= WHAT THIS TASK INVOLVES =
Every line of the material is to be returned verbatim. Pictures stay out.

= INPUT DATA =
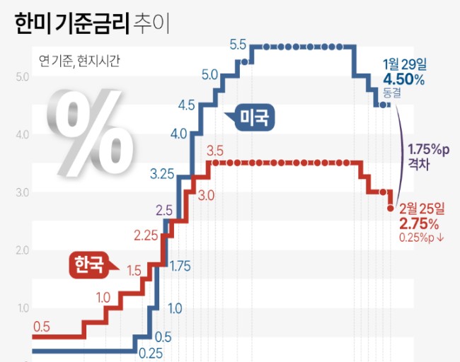 미국과의 금리차가 1.5%에서 1.75% 확대되었고,
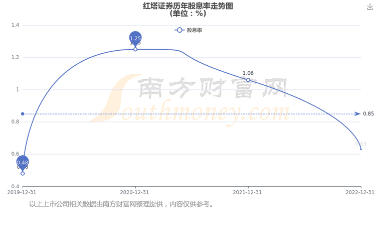 红塔证券最新一次公布的分红方案:10派0.5元。
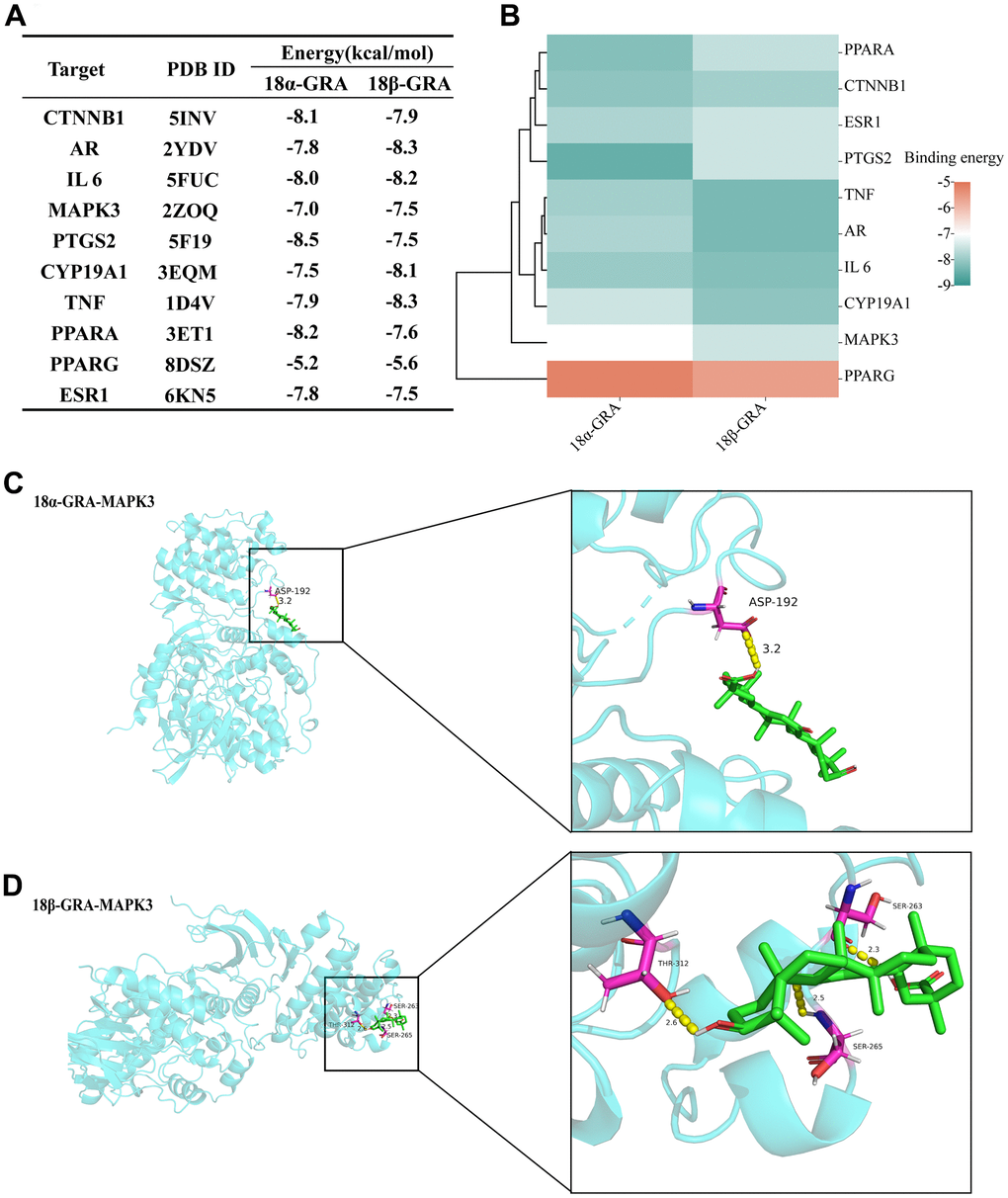Molecular docking verifies the binding energy of GRA and hub targets. The results of 18α-GRA and 18β-GRA docking with hub targets (Figure 6A). A binding energy < − 5.0 kcal/mol indicates excellent binding capability. The results showed that GRA can be combined with all the hub targets (Figure 6B). 18α-GRA and MAPK3 binding energy was -7.0 kcal/mol (Figure 6C), and 18β-GRA to MAPK3 was -7.5 kcal/mol (Figure 6D).
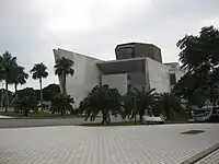 ![]() 圖中棕色建築物即斜八角柱的十三行博物館 |
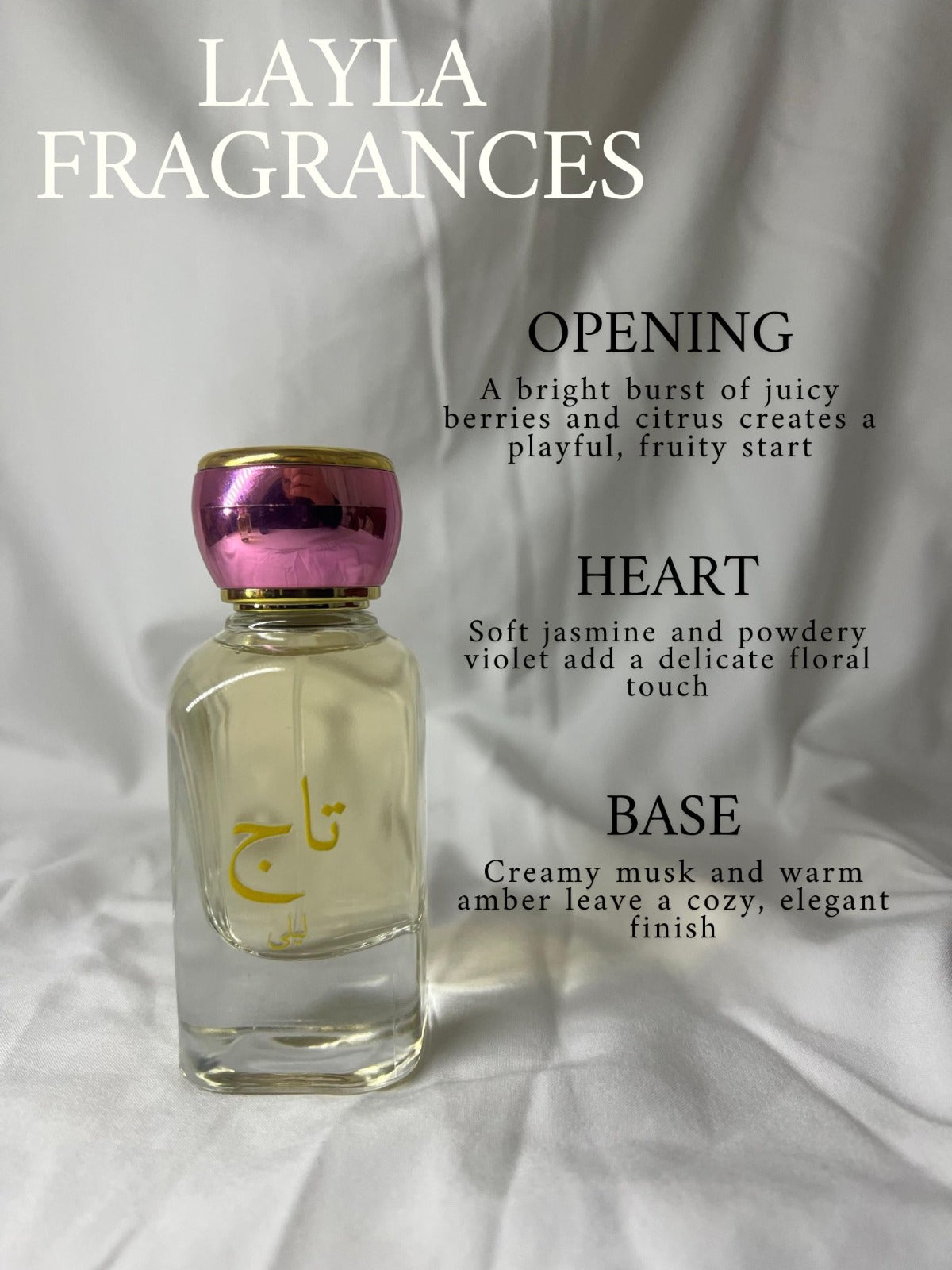 تاج هو العطر المثالي للأشخاص اللي بتعبر عن حيويتها وثقتها بنفسها. بيبدأ بمزيج شهي من التوت الأحمر والكشمش الأسود، لانطلاقة فاكهية حلوة مليئة بالطاقة. في القلب، يكشف عن مزيج ساحر من الياسمين والبنفسج، ليضيف لمسة زهرية ناعمة وأنيقة. وأخيرًا، نوتات القاعدة من المسك الكريمي والعنبر بتقدم إحساسًا دافئًا وثباتًا لا يُنسى.

= ANSWER FOR THIS EXERCISE =
 미국과의 금리차가 1.5%에서 1.75% 확대되었고,
 红塔证券最新一次公布的分红方案:10派0.5元。
Molecular docking verifies the binding energy of GRA and hub targets. The results of 18α-GRA and 18β-GRA docking with hub targets (Figure 6A). A binding energy < − 5.0 kcal/mol indicates excellent binding capability. The results showed that GRA can be combined with all the hub targets (Figure 6B). 18α-GRA and MAPK3 binding energy was -7.0 kcal/mol (Figure 6C), and 18β-GRA to MAPK3 was -7.5 kcal/mol (Figure 6D).
 ![]() 圖中棕色建築物即斜八角柱的十三行博物館 |
 تاج هو العطر المثالي للأشخاص اللي بتعبر عن حيويتها وثقتها بنفسها. بيبدأ بمزيج شهي من التوت الأحمر والكشمش الأسود، لانطلاقة فاكهية حلوة مليئة بالطاقة. في القلب، يكشف عن مزيج ساحر من الياسمين والبنفسج، ليضيف لمسة زهرية ناعمة وأنيقة. وأخيرًا، نوتات القاعدة من المسك الكريمي والعنبر بتقدم إحساسًا دافئًا وثباتًا لا يُنسى.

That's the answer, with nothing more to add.